Data below below:
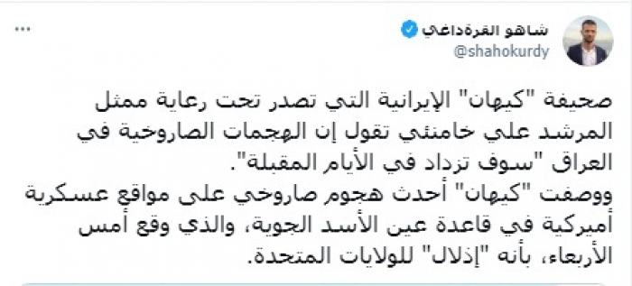 وقال في تغريدة على حسابه بموقع التدوين المصغر تويتر، اليوم إن: "صحيفة "كيهان" الإيرانية التي تصدر تحت رعاية ممثل المرشد علي خامنئي تقول إن الهجمات الصاروخية في العراق (سوف تزداد في الأيام المقبلة).
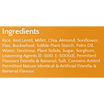 Rice, Red Lentil, Millet, Chia, Almond, Sunflower, Flax, Buckwheat, Edible Plant Starch, Palm Oil ,Water, Dextrose, Plant Solids, Sugar, Sorghum, Leavening Agents [E-500, E-500(ii)], Permitted Flavours (Vanilla & Banana), Salt. Contains Added Permitted Nature Identical & Artificial (Vanilla & Banana) Flavour.
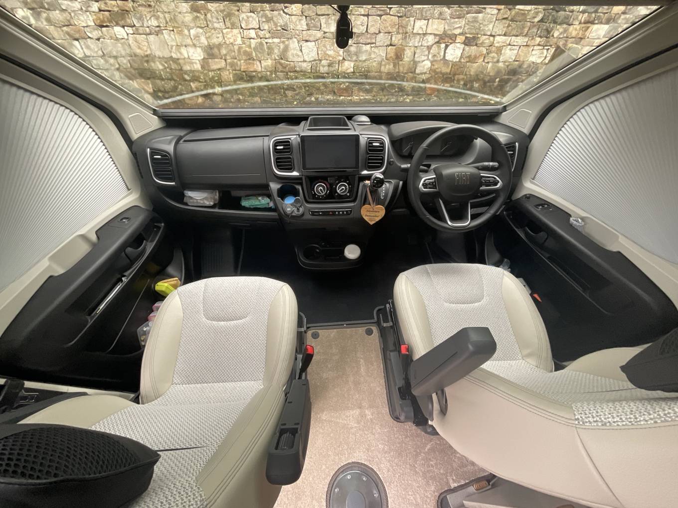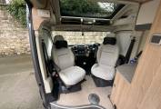 We enter the campervan on the passenger side via an electric step, the front two seats rotate to the rear so you can sit & enjoy a coffee using a round occasional table that stows in the wardrobe.
End of Data below.
| About this exercise |
From the first line to the last, copy the listing above exactly, dropping all images.

| Problem solution |
 وقال في تغريدة على حسابه بموقع التدوين المصغر تويتر، اليوم إن: "صحيفة "كيهان" الإيرانية التي تصدر تحت رعاية ممثل المرشد علي خامنئي تقول إن الهجمات الصاروخية في العراق (سوف تزداد في الأيام المقبلة).
 Rice, Red Lentil, Millet, Chia, Almond, Sunflower, Flax, Buckwheat, Edible Plant Starch, Palm Oil ,Water, Dextrose, Plant Solids, Sugar, Sorghum, Leavening Agents [E-500, E-500(ii)], Permitted Flavours (Vanilla & Banana), Salt. Contains Added Permitted Nature Identical & Artificial (Vanilla & Banana) Flavour.
 We enter the campervan on the passenger side via an electric step, the front two seats rotate to the rear so you can sit & enjoy a coffee using a round occasional table that stows in the wardrobe.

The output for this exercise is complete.